**EXERCISE DETAILS:**
Take the lines below from the one with "本软件可以免安装运行,点击界" through the one with "Valokuvatapetti abstraktit lehdet" and retype them exactly. Include nothing else, and no pictures.

**GIVEN DATA:**
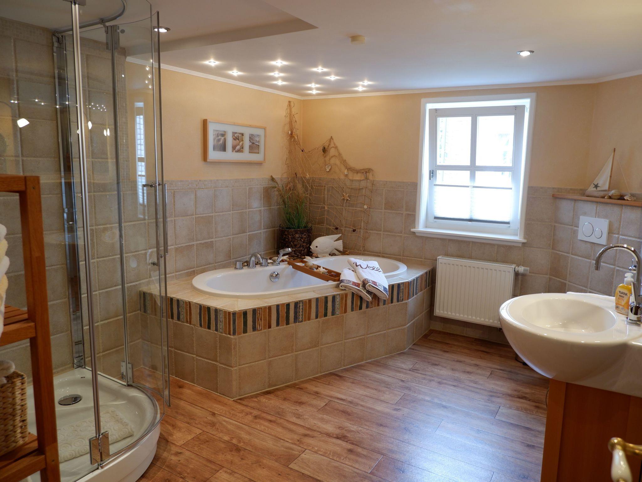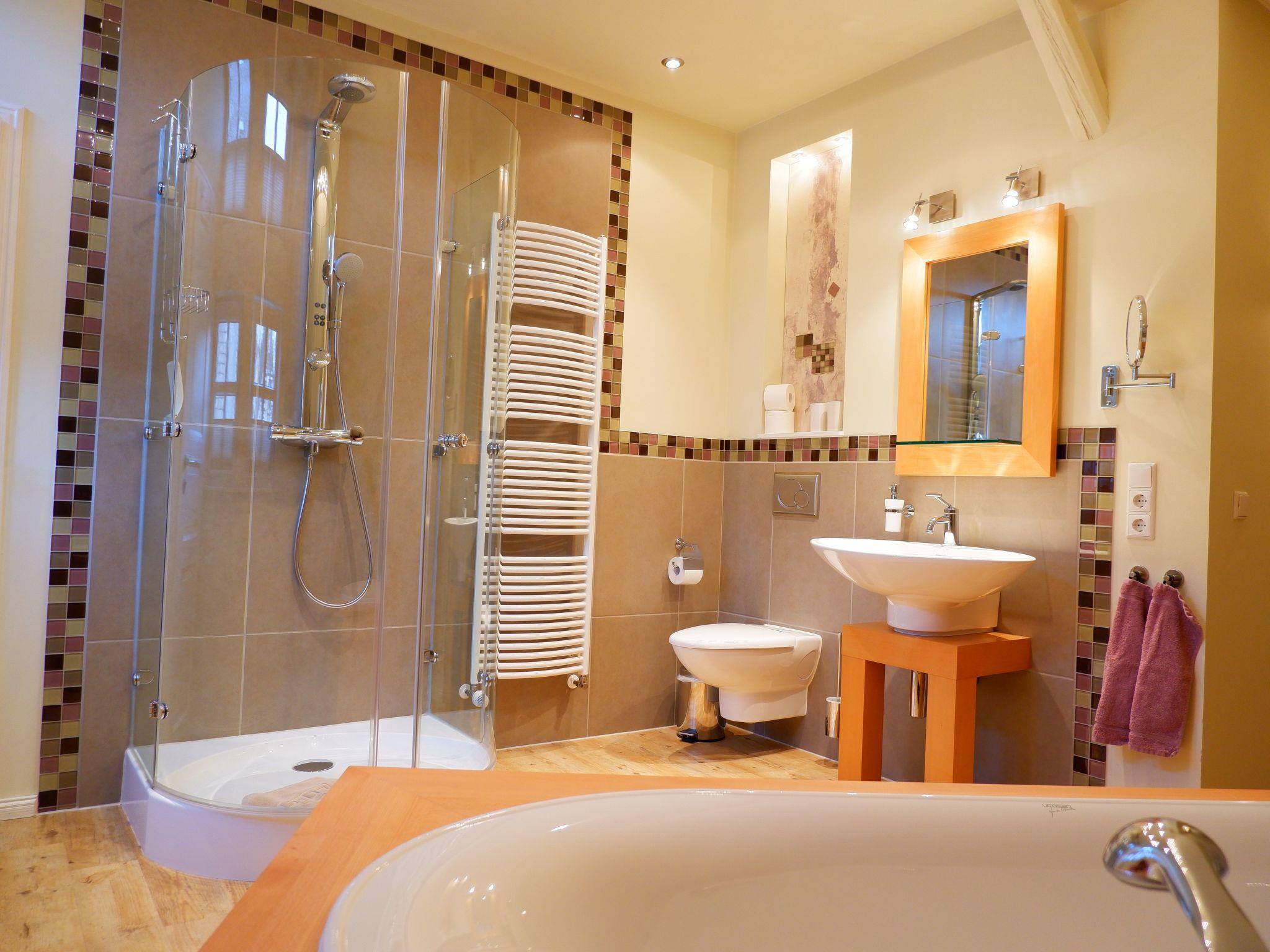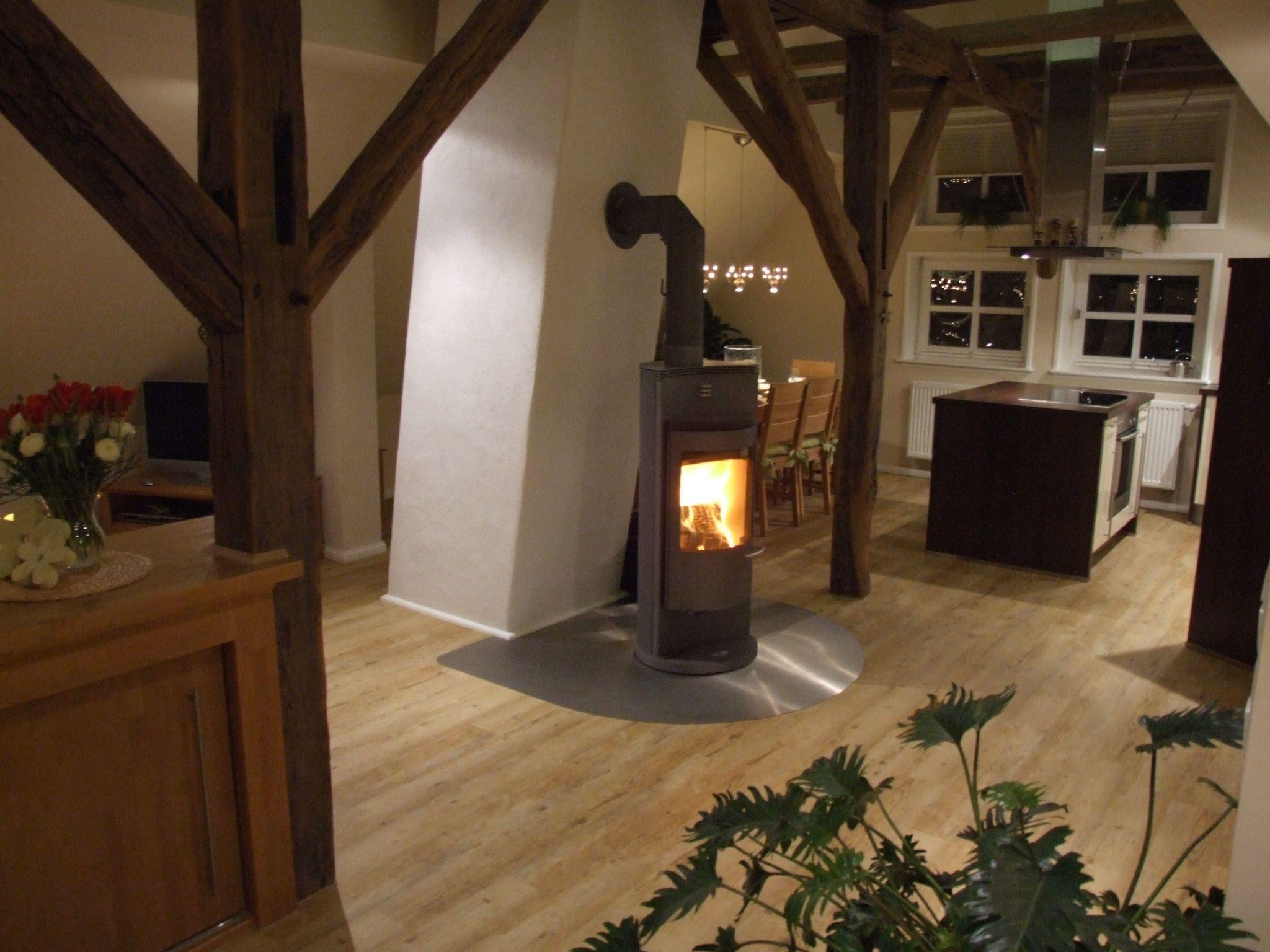 The interior of the holiday flat tastefully combines historical elements with the comfort you need for a carefree holiday. Each of the three complete flats offers a fully equipped kitchen and private bathrooms to ensure maximum privacy and comfort for all guests. There is also a washing machine and tumble dryer for your exclusive use. The central meeting point is the 5-metre-high lounge, which has a traditional fireplace for cosy hours.
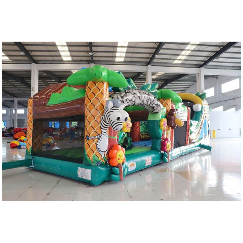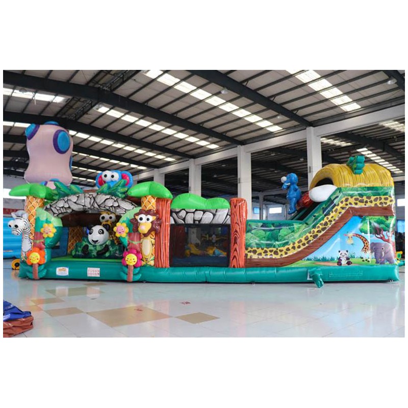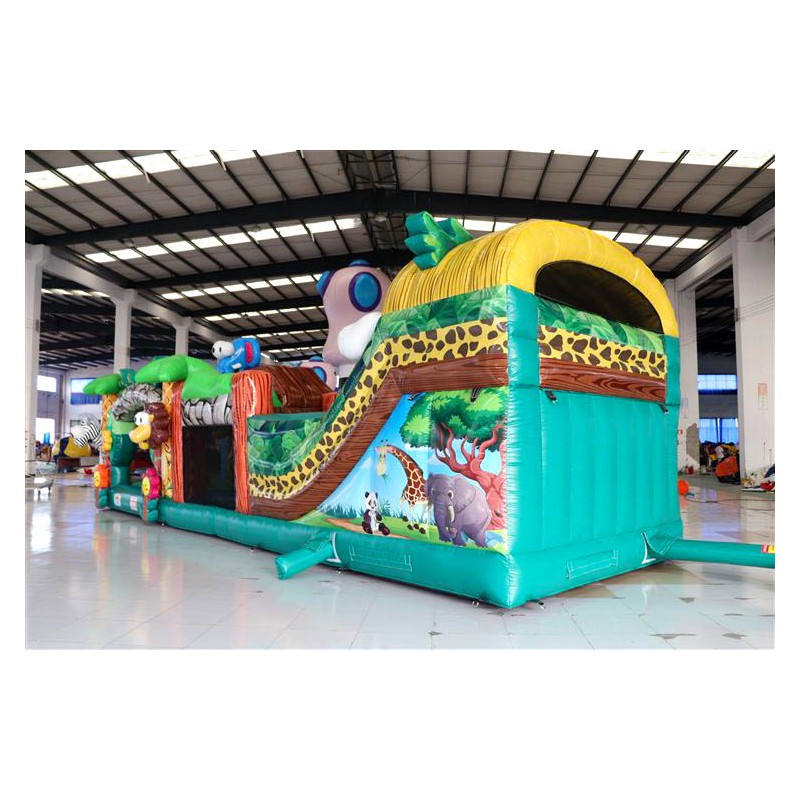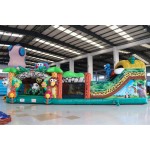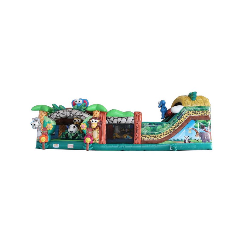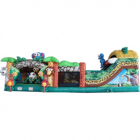 Coloratissimo percorso ad ostacoli con scivolo ed elementi decorativi che richiamano il tema del gonfiabile. Divertente ed impegnativo allo stesso tempo, dotato di reti di protezione perimetrali.Conforme alla UNI EN 14960. Ideale per parchi gioco, parchi divertimento, giochi all'aperto, spiagge, stabilimenti balneari, aree di intrattenimento in generale, ludoteche, aree di ristoro, alberghi, ristoranti e pizzerie, sala feste.
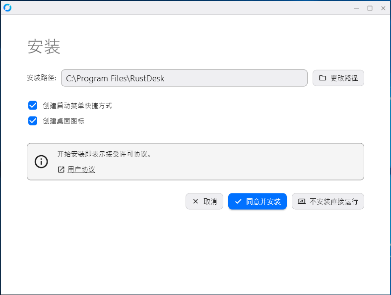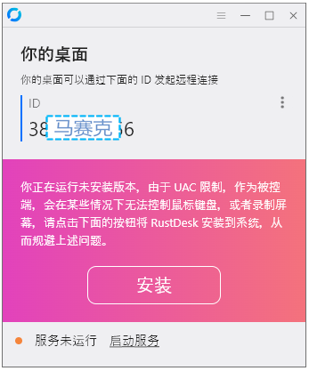 本软件可以免安装运行,点击界面底部的“启动服务”,即可使您的RustDesk处于等待连接状态。
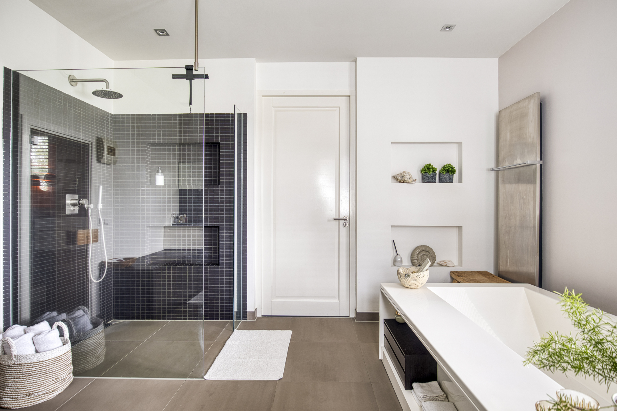 betegelde Boffi badkamer en-suite, voorzien van een vrijstaand ligbad, inloopdouche, 2e wandcloset, badkamermeubel met een wastafel, meer- persoons sauna en een designradiator;
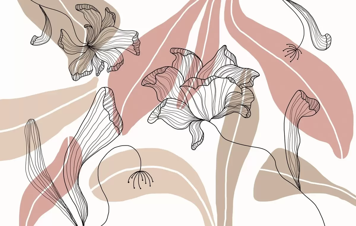 Valokuvatapetti abstraktit lehdet ja kukat jauhemaisissa ja beigeissä sävyissä Nr w04499
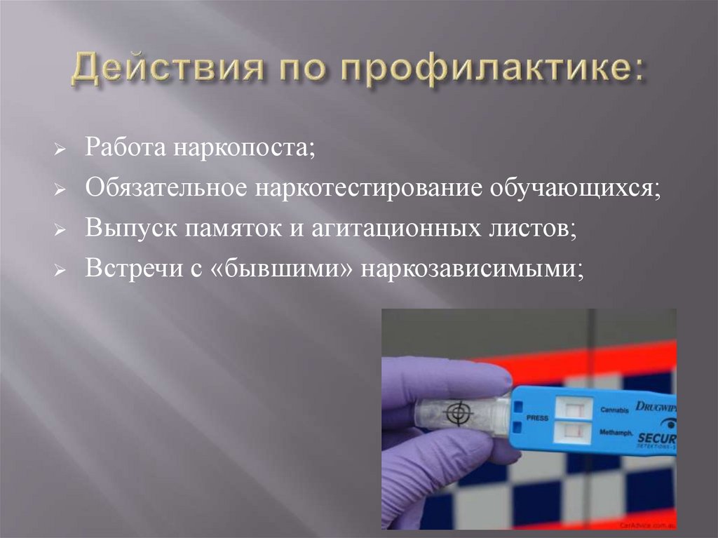 Работа наркопоста;Обязательное наркотестирование обучающихся;
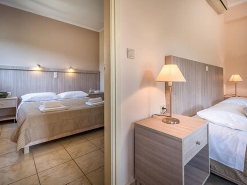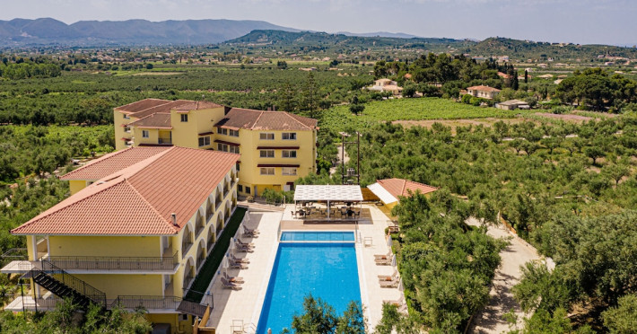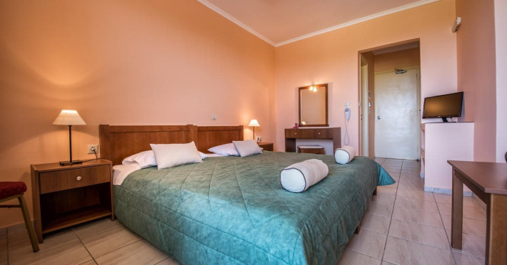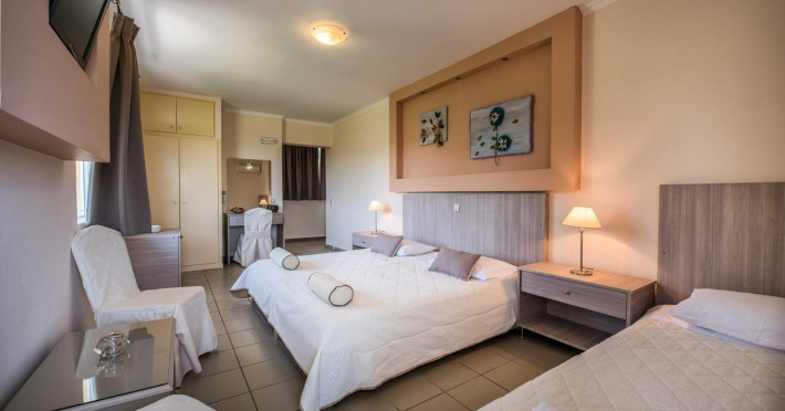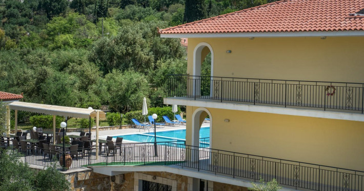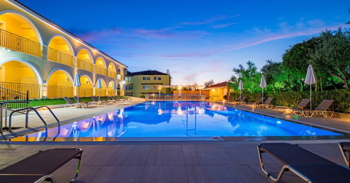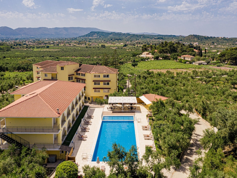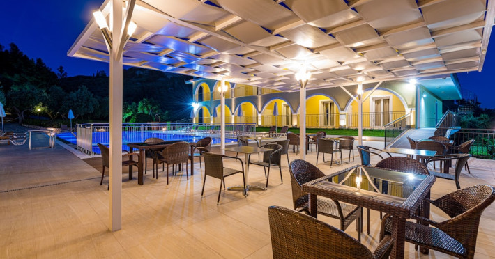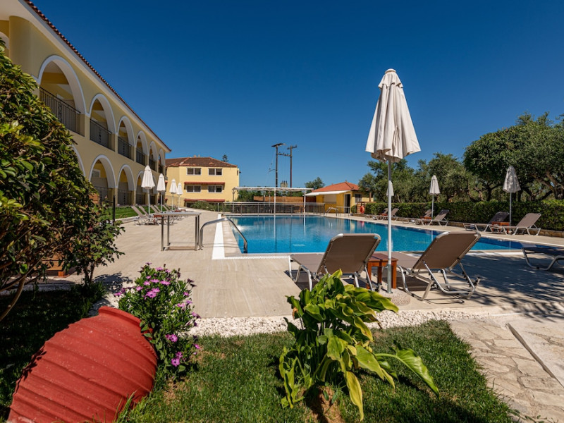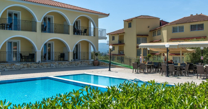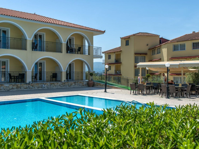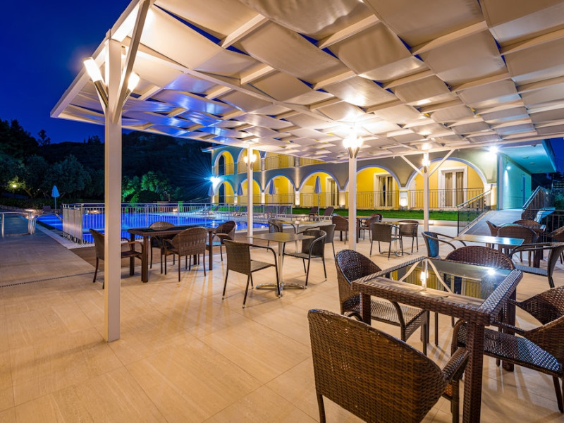 Facilities and services include a 24 hrs reception, restaurant, snack bar, outdoor pool, children's pool, elevator, wireless internet free of charge, meeting room and parking.The rooms are equipped with air conditioning, TV, telephone, wireless internet, safe box, hairdryer, fridge and balcony/terrace.Address: Bohali, 29100, Zakynthos, Greece.
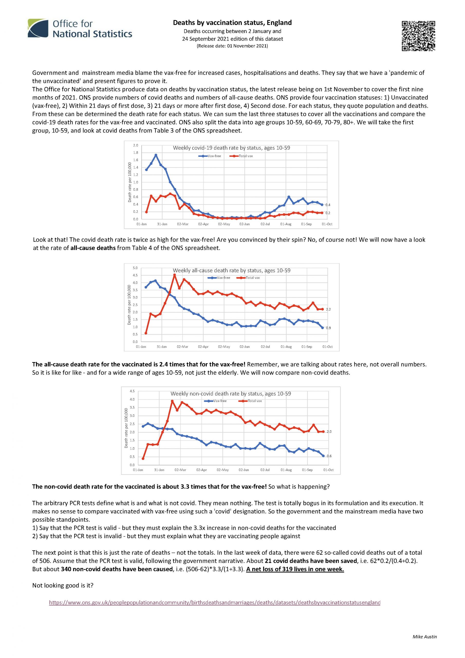 ONS data suggests jabbed people currently die from covid at half the rate of vax-free people. Sounds good. But non-covid deaths for jabbed people run at over three times the rate! Furthermore, as these deaths are far more numerous than covid-19 deaths, the net results on mortality is alarming.
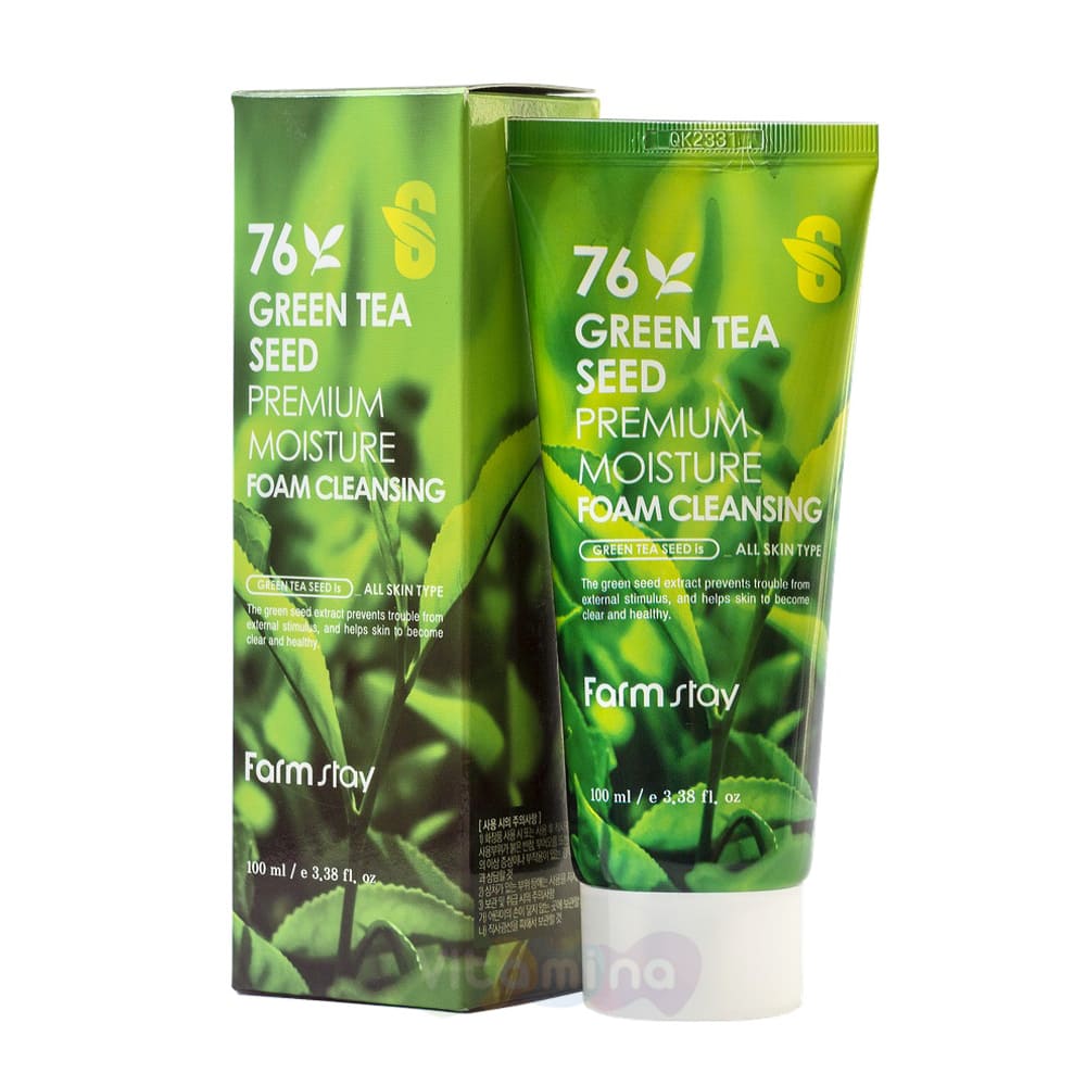 Ультраувлажняющая пенка для умывания с экстрактом семян зеленого чая 76 Green Tea Seed Premium Moisture Foam Cleansing - FarmStay (Корея)

**ANSWER BELOW:**
 本软件可以免安装运行,点击界面底部的“启动服务”,即可使您的RustDesk处于等待连接状态。
 betegelde Boffi badkamer en-suite, voorzien van een vrijstaand ligbad, inloopdouche, 2e wandcloset, badkamermeubel met een wastafel, meer- persoons sauna en een designradiator;
 Valokuvatapetti abstraktit lehdet ja kukat jauhemaisissa ja beigeissä sävyissä Nr w04499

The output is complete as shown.